■ TASK INSTRUCTIONS:
What's needed is an exact copy of the lines from the one that contains "Auhoahsil Large Mouse" to the end of the data below, leaving the pictures out.

■ DATA BLOCK:
--------------------------------------------------

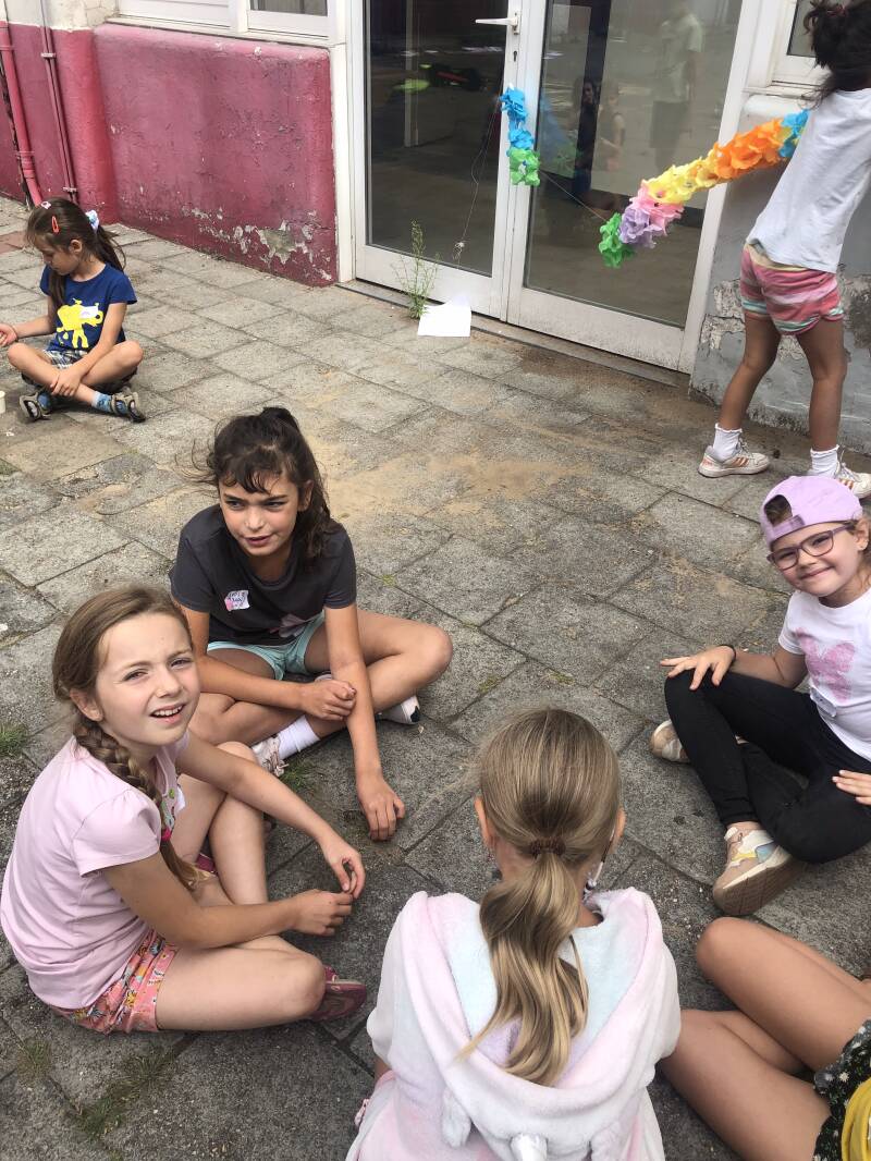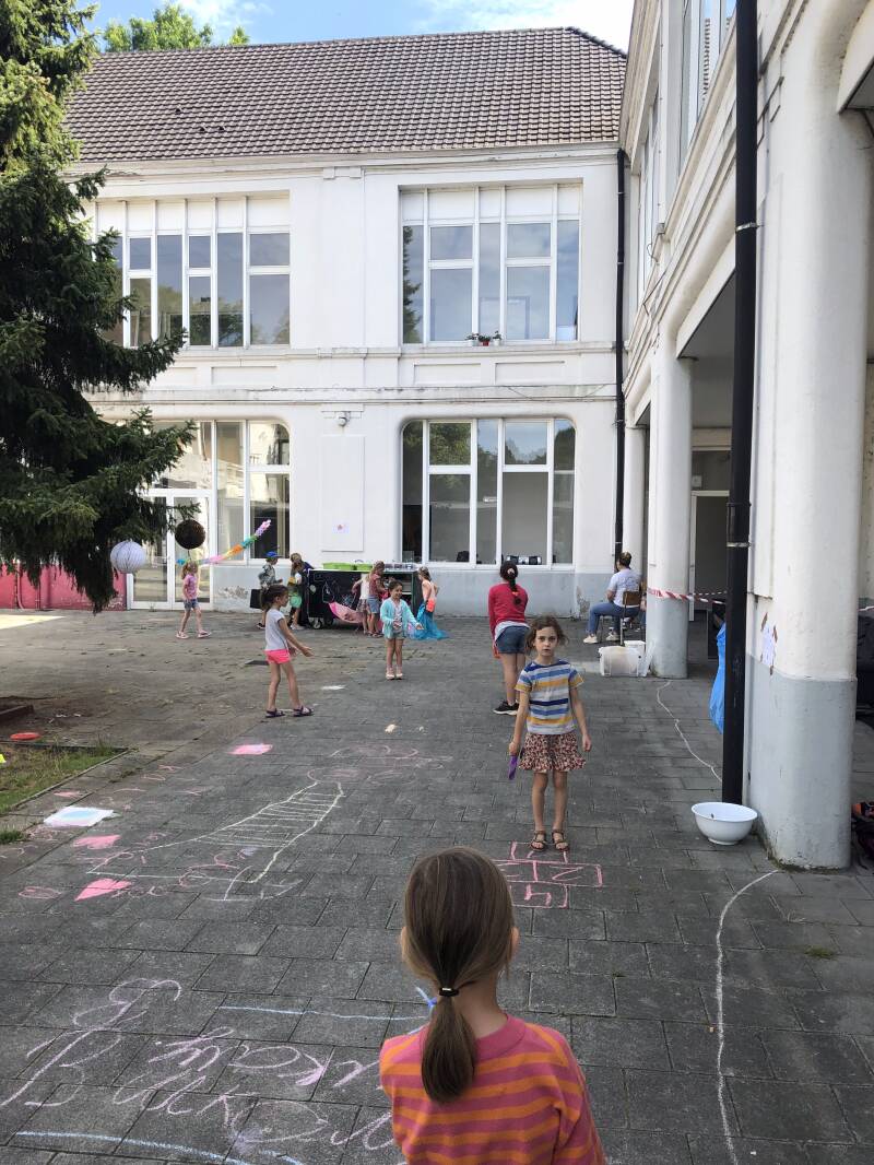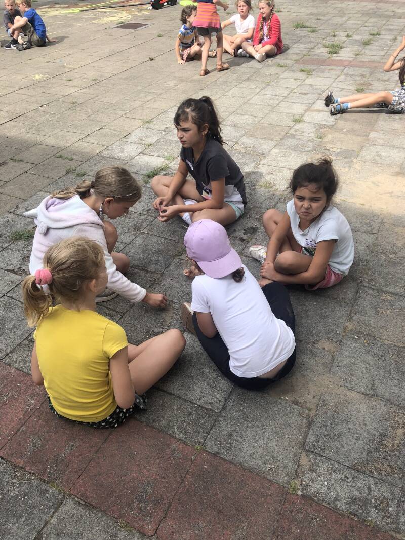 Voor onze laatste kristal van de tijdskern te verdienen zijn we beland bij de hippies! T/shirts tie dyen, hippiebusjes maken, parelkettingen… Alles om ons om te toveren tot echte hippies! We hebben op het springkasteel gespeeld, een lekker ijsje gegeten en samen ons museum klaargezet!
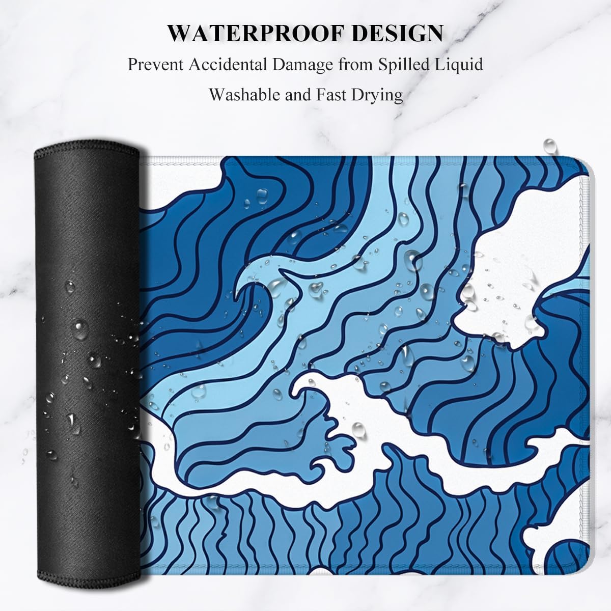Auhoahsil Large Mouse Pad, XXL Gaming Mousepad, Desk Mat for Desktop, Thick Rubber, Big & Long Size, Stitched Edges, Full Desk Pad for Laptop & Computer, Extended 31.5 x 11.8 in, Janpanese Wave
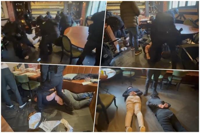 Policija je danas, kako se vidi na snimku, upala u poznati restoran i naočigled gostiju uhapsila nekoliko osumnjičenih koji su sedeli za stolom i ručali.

--------------------------------------------------

■ TASK ANSWER:
Auhoahsil Large Mouse Pad, XXL Gaming Mousepad, Desk Mat for Desktop, Thick Rubber, Big & Long Size, Stitched Edges, Full Desk Pad for Laptop & Computer, Extended 31.5 x 11.8 in, Janpanese Wave
 Policija je danas, kako se vidi na snimku, upala u poznati restoran i naočigled gostiju uhapsila nekoliko osumnjičenih koji su sedeli za stolom i ručali.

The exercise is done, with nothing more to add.